Question

Which of the following statements have the same result? Explain each step in solving each one.

I. f(2) when f(x) = 3x + 2
II. f−1(3) when f(x) = 2 x minus 7, all over 3
III. 2y + 14 = 4y − 2

Answer 1

I. f(2) when f(x) = 3x + 2
f(2) = 3(2) + 2=8
III. 2y + 14 = 4y − 2
4y- 2y = 14+2
2y = 16
y=16/2=8
statements have the same result

Answer 2

All three statements have same results.

Explanation:

Statement I: f(2) when f(x) = 3x + 2.

`f(x)=3x+2`

Put x=2.

`f(x)=3(2)+2=8`

The value of the function is 8. It means y=8 at x=2.

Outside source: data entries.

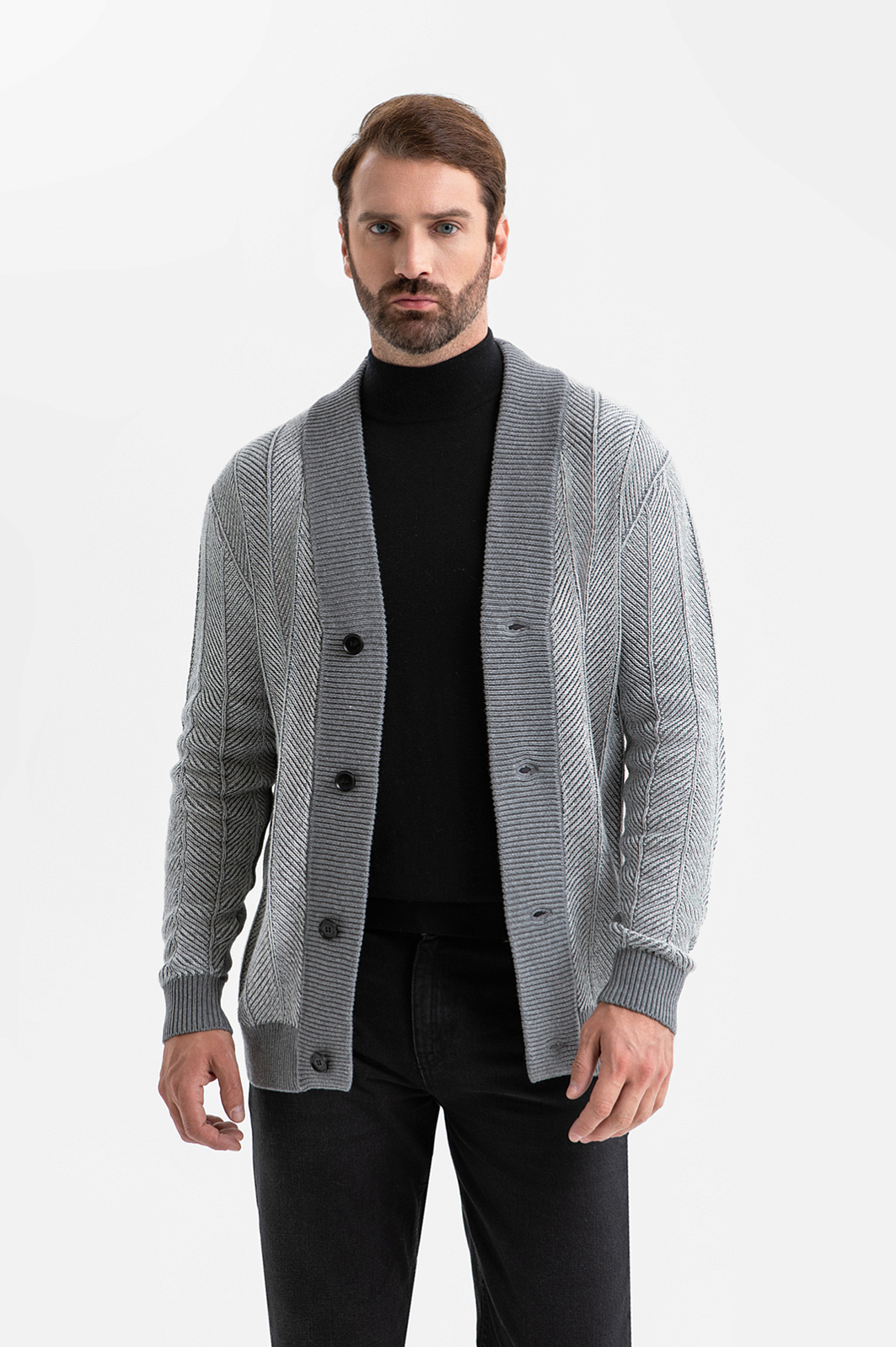 Серый кардиган KANZLER из хлопка и кашемира — воплощение комфорта и элегантности. Базовый элемент гардероба мужчины, который ценит качество, стиль и функциональность. Переднюю часть украшает рисунок, образованный диагональным рубчиком и чёткими вертикальными линиями, которые визуально вытягивают силуэт. Такой архитектурный дизайн подчёркивает строгость и аккуратность модели, делая её уместной как в деловом, так и в повседневном стилях. Более светлый оттенок передней части гармонично сочетается со спинкой и резинками среднего серого тона, создавая мягкий контраст. Треугольный вырез хорошо сочетается с рубашкой, футболкой и водолазкой. Вязаный трикотаж из натуральных волокон приятен к телу, мягко облегает тело и обеспечивает комфорт в течение дня. Кашемир придаёт ткани изысканный вид и нежность, а хлопок — прочность, воздухопроницаемость и практичность. Параметры модели: рост 189, 102-80-99 Размер на модели: M
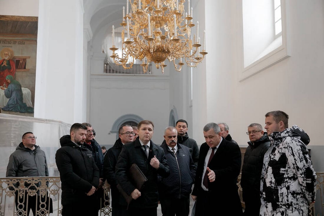 В начале визита участники осмотрели Успенский собор, где ознакомились с текущими реставрационными работами, после чего обсудили дальнейшие шаги в актовом зале монастыря.
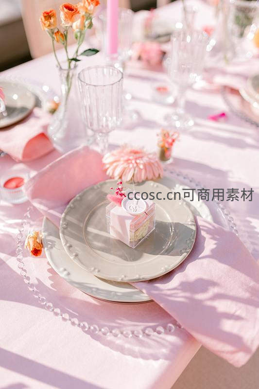 一张精心布置的粉色主题婚礼餐桌,摆放着层叠的餐盘、透明玻璃杯和娇嫩的鲜花,中央的小蛋糕点缀着羽毛装饰,阳光洒落,充满甜蜜与温馨。
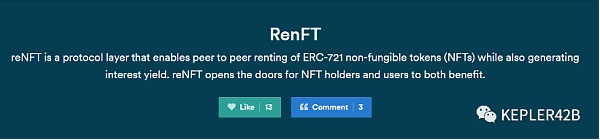 這一模型同樣適用于藝術和數字領域等非現實領域。如今,ReNFT正試圖通過一個針對NFT租賃的點對點市場來實現這一目標。與加密中的大多數DeFi協議一樣,目前這是一個超額抵押的解決方案;借款人可以通過存入與NFT貸款市場價值相等的抵押品以及額外的租金來租用NFT貸款。也就是說,EIP-2615提議在協議級別上進行了改進,它本身支持ERC-2615代幣內部的租賃功能,不再需要保證金。
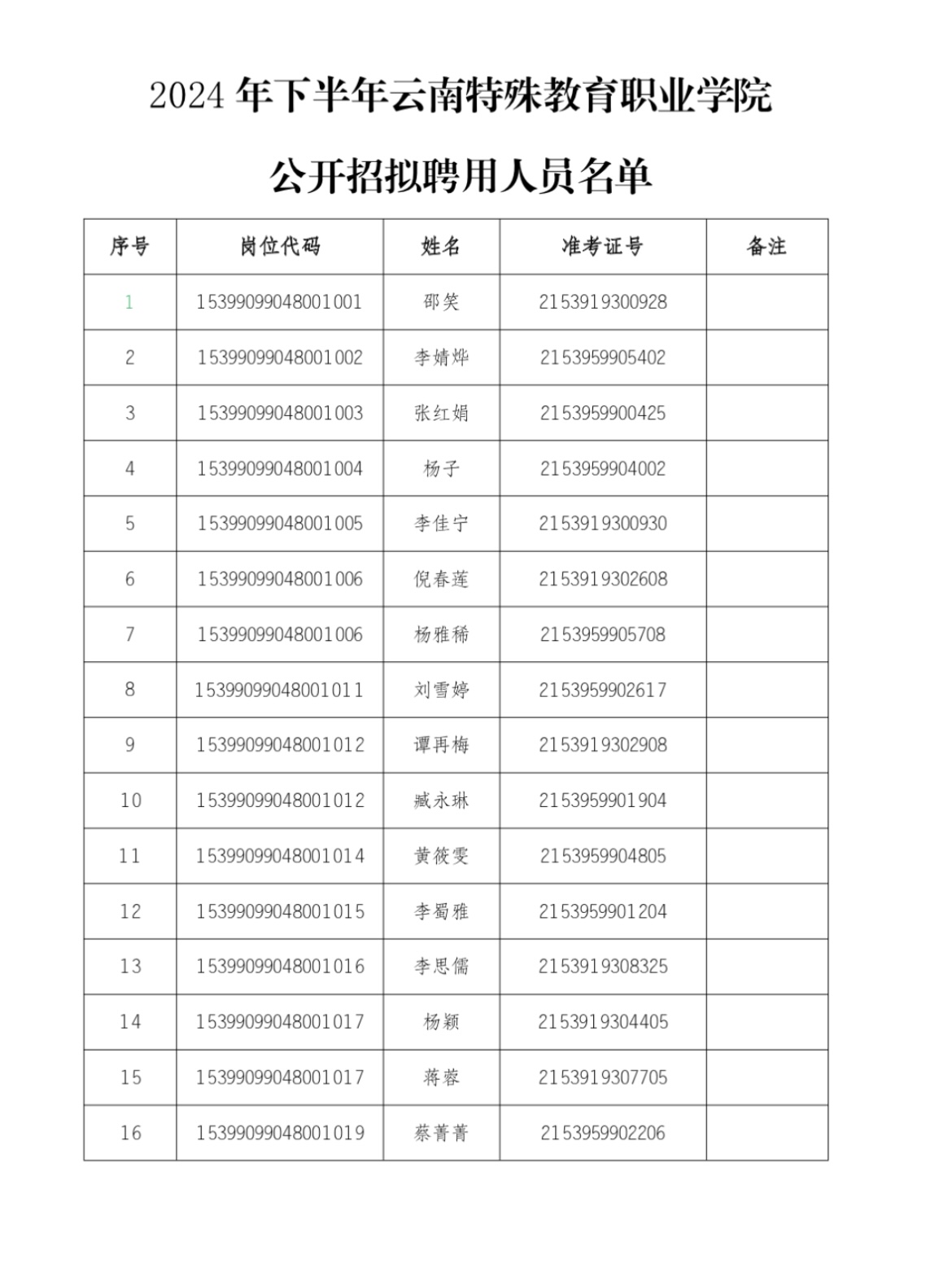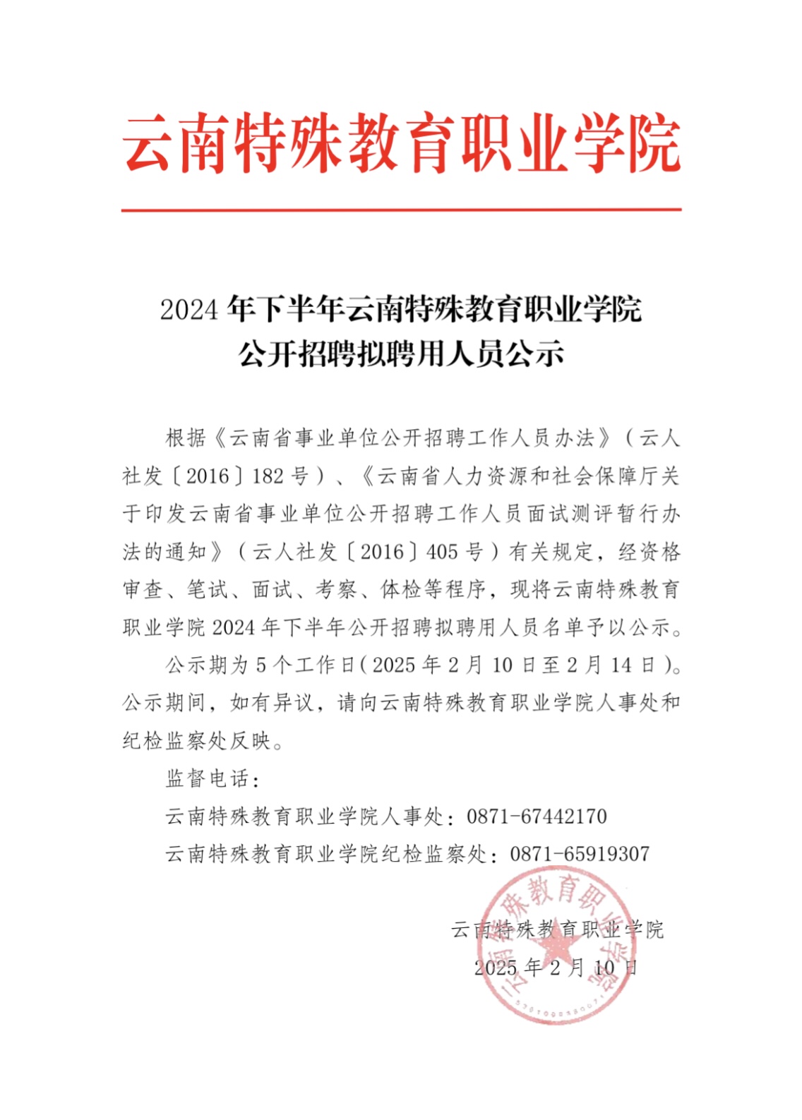 2024 年下半年云南特殊教育职业学院公开招拟聘用人员名单
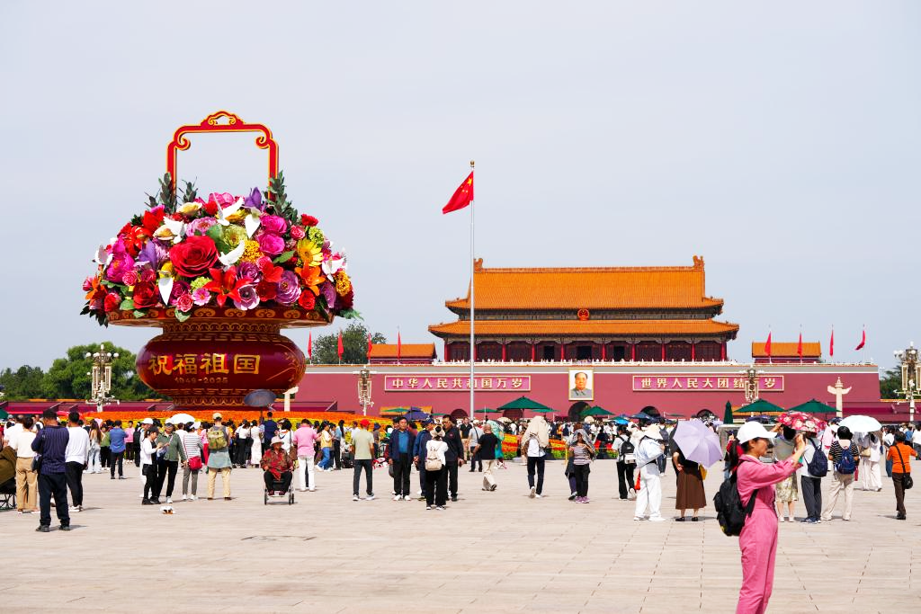 ▲游客在天安门广场观赏“祝福祖国”大花篮。(新华社记者 鞠焕宗/摄)
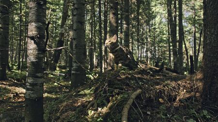 One cat in a city park. Bengal wildcat walk on the forest in collar. Asian Jungle Cat or Swamp or Reed. Domesticated leopard cat hiding, hunting and playing in grass. Domestic cat in outdoor nature.
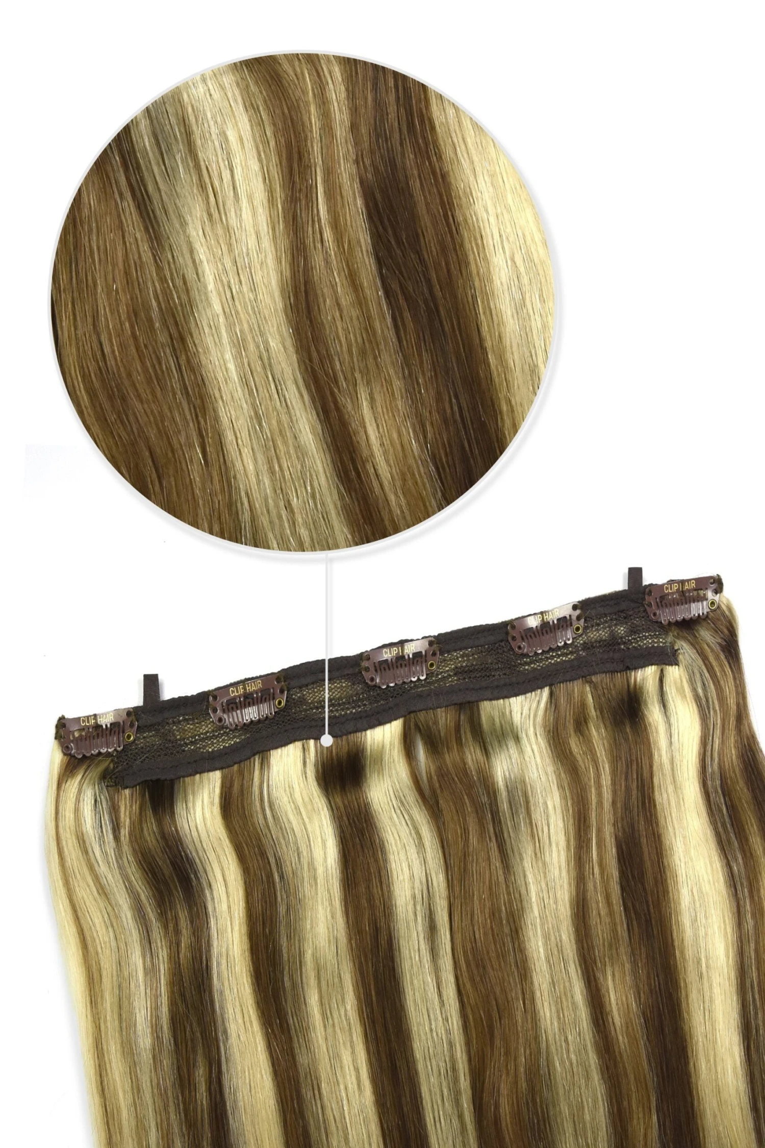Chestnut Bronde (#6/613) Quad Weft Clip In One Piece Hair Extensions
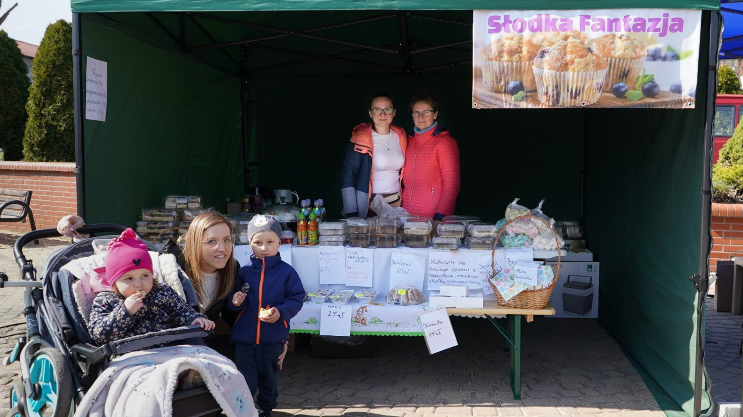 W trakcie kiermaszu pojawił się także zajączek wielkanocny, który spotkał się z dziećmi uczestniczącymi w wydarzeniu.
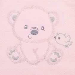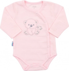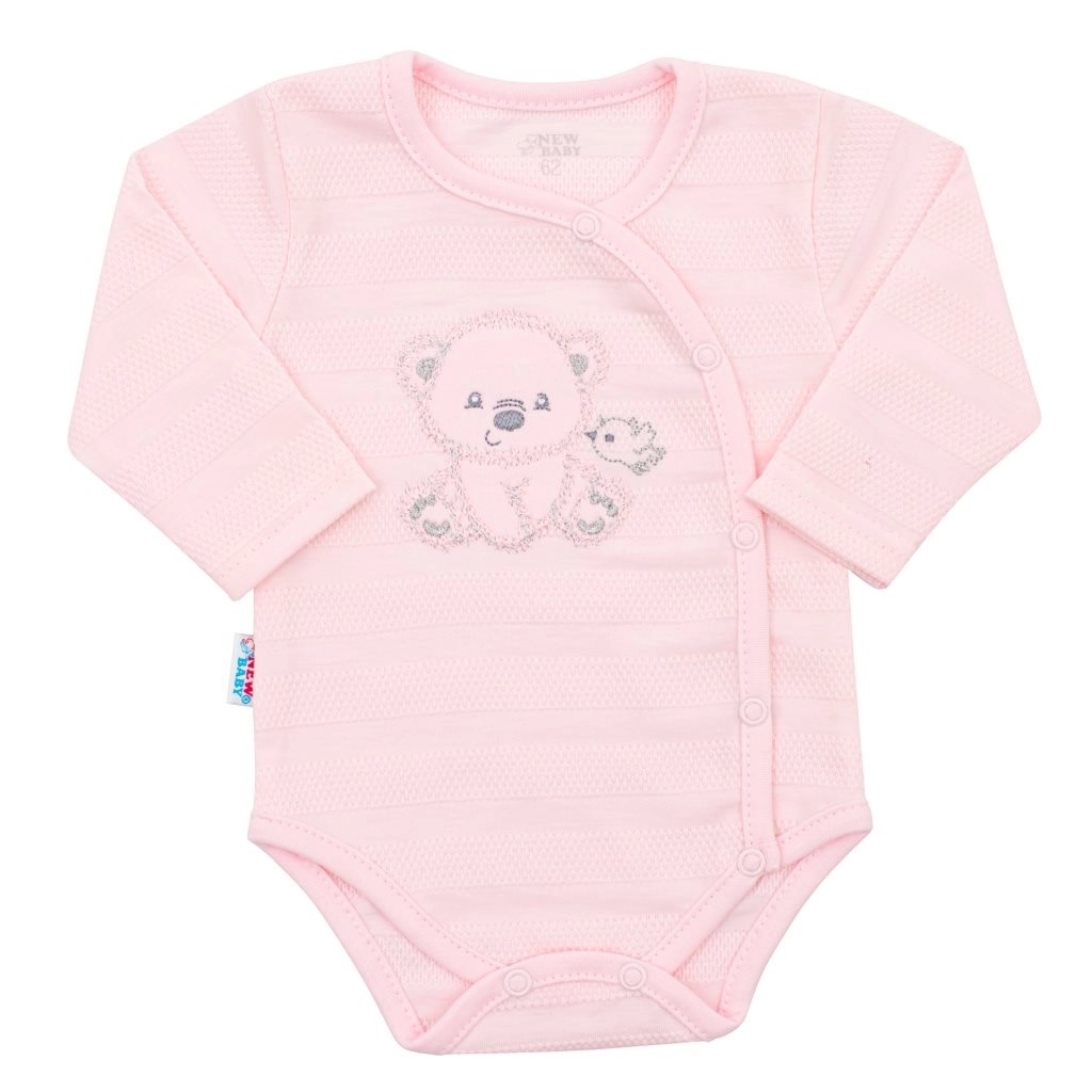 Drăgălașul set pentru bebeluși New Baby Sweet Bear, format din 4 piese, în culoare roz, este ideal pentru maternitate și pentru primele săptămâni acasă. Conține body cu mânecă lungă cu deschidere completă, salopetă (pijama cu botoșei), jachetă și căciuliță din 100% bumbac. Capsele practice pentru schimbare ușoară, materialul moale și blând cu pielea și broderia fină cu ursuleț și păsărică fac din acest set o alegere practică și stilată.

Statement II:f⁻¹(3). when f(x) = 2 x minus 7, all over 3.

`f(x)=(2x-7)/(3)`

Find the inverse of the function.

Step 1: Substitute f(x)=y

`y=(2x-7)/(3)`

Step 2: Interchange x and y.

`x=(2y-7)/(3)`

Step 3: Isolate y.

`y=(3x+7)/(2)`

Step 4: Substitute y=f⁻¹(x).

`f^(-1)(x)=(3x+7)/(2)`

Now, substitute x=3, to find f⁻¹(3).

`f^(-1)(3)=(3(3)+7)/(2)=8`

The result of statement II is 8.

Statement III: 2y + 14 = 4y − 2

`2y+14=4y-2`

`14+2=4y-2y`

`16=2y`

`y=8`

The result of statement III is 8.

Therefore all three statements have same results.